Myurishen (Մյուրիշեն, also Mirushen, Միրուշեն) or Mirikend (Mirikənd) is a village in the Khojavend District of Azerbaijan, in the disputed region of Nagorno-Karabakh. Until 2023 it was controlled by the breakaway Republic of Artsakh. The village had an ethnic Armenian-majority population until the expulsion of the Armenian population of Nagorno-Karabakh by Azerbaijan following the 2023 Azerbaijani offensive in Nagorno-Karabakh.

== History ==
During the Soviet period, the village was a part of the Martuni District of the Nagorno-Karabakh Autonomous Oblast.

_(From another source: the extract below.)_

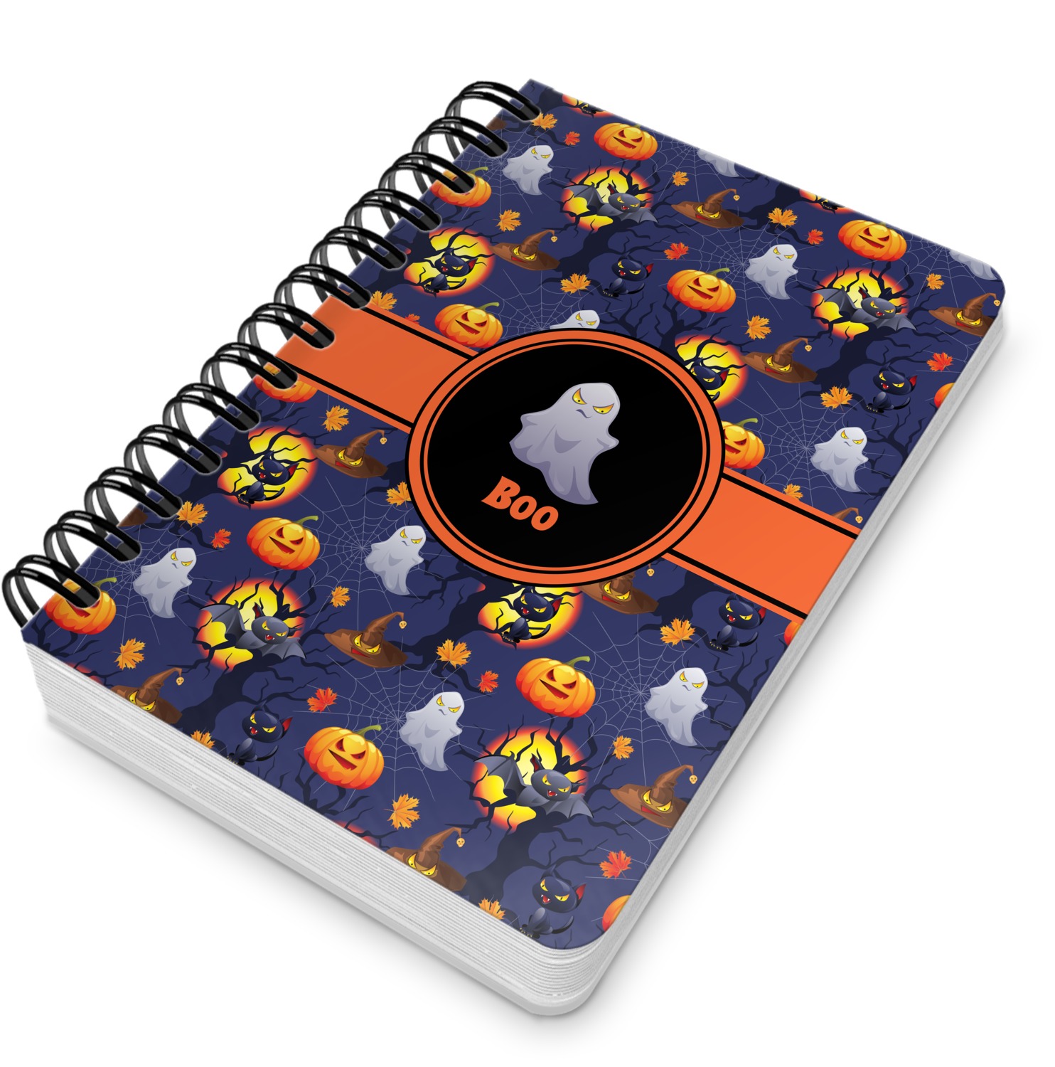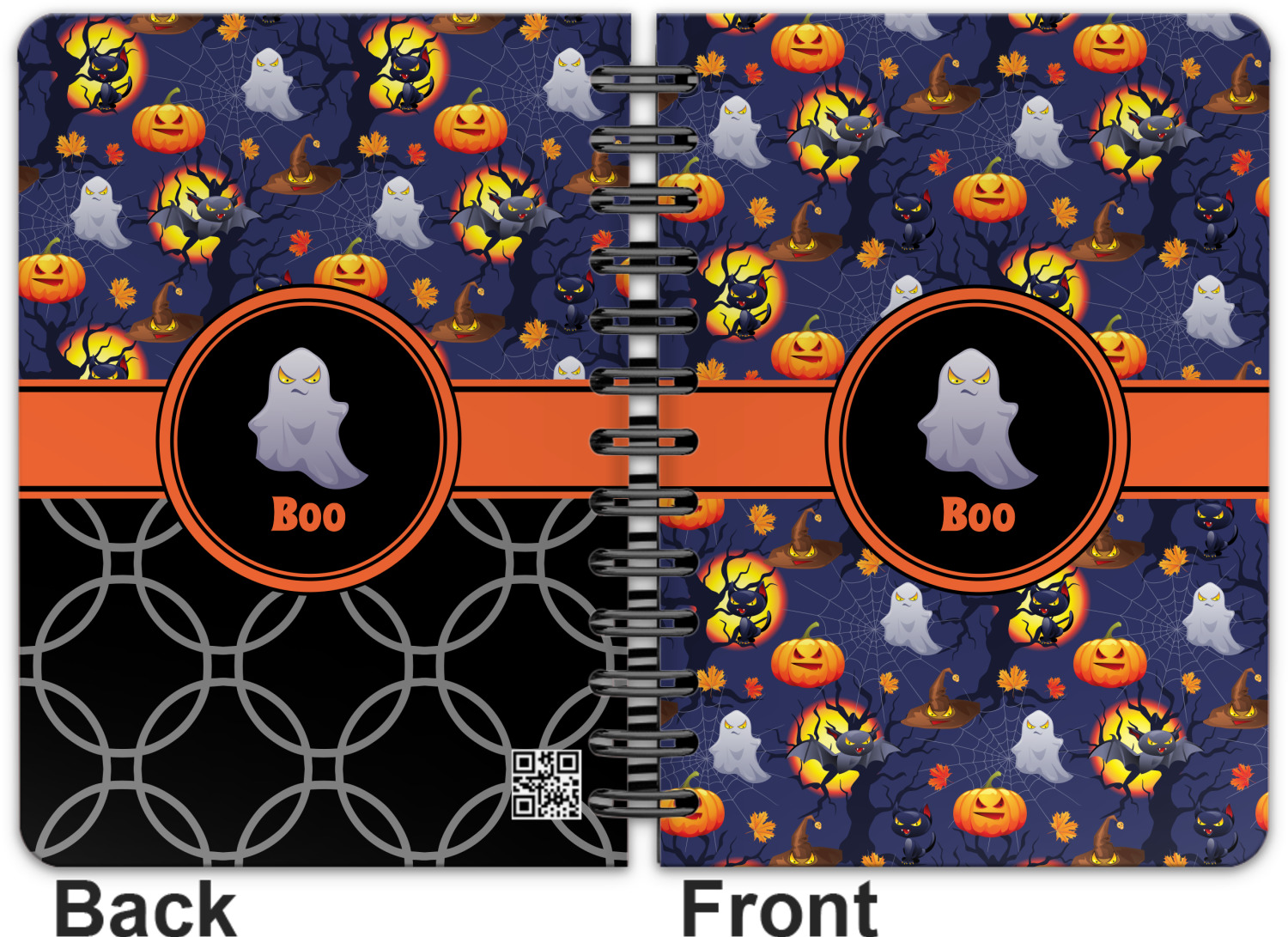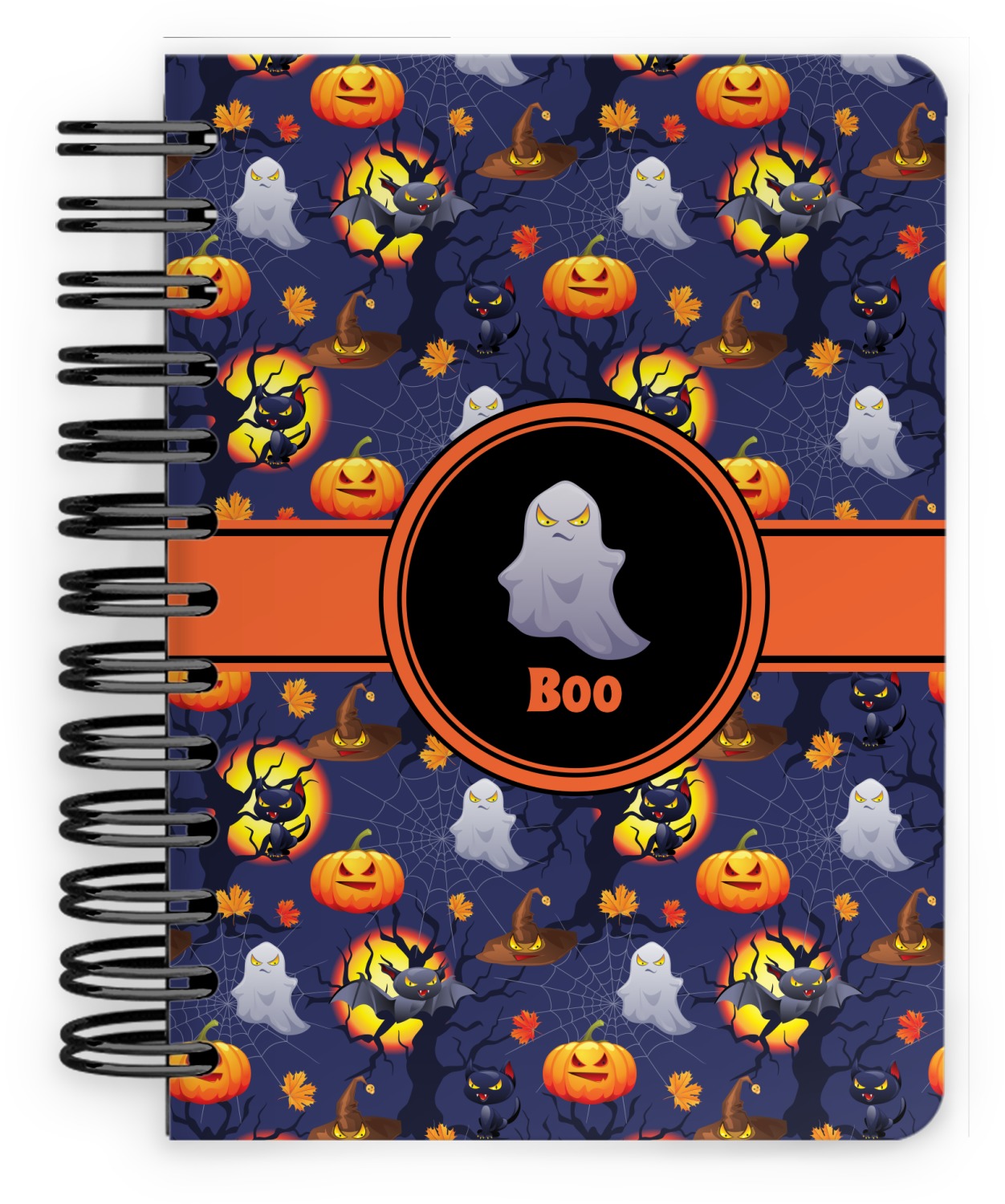 This spiral notebook includes 75 sheets of thick, ruled paper. The front and back of this custom notebook is made of a robust, laminate, plastic covering. We print your personalization on these two panels, underneath a glossy finish, which emphasizes the colors of your design. The two panels and the sheets of paper are held together by a sturdy, black coil. The paper within your bound notebook is perforated for easy, clean tearing.

== Historical heritage sites ==
Historical heritage sites in and around the village include a cemetery from between the 15th and 17th centuries, the church of Surb Astvatsatsin (Սուրբ Աստվածածին, lit. 'Holy Mother of God') built in 1869, and a 19th-century watermill.

== Economy and culture ==
The population is mainly engaged in agriculture and animal husbandry. As of 2015, the village has a municipal building, a house of culture, a school, and a medical centre.

== Demographics ==
The village had 200 inhabitants in 2005, and 160 inhabitants in 2015. The Armenian population was expelled in 2023 after Azerbaijan's military offensive that led to the dissolution of the Nagorno-Karabakh Republic.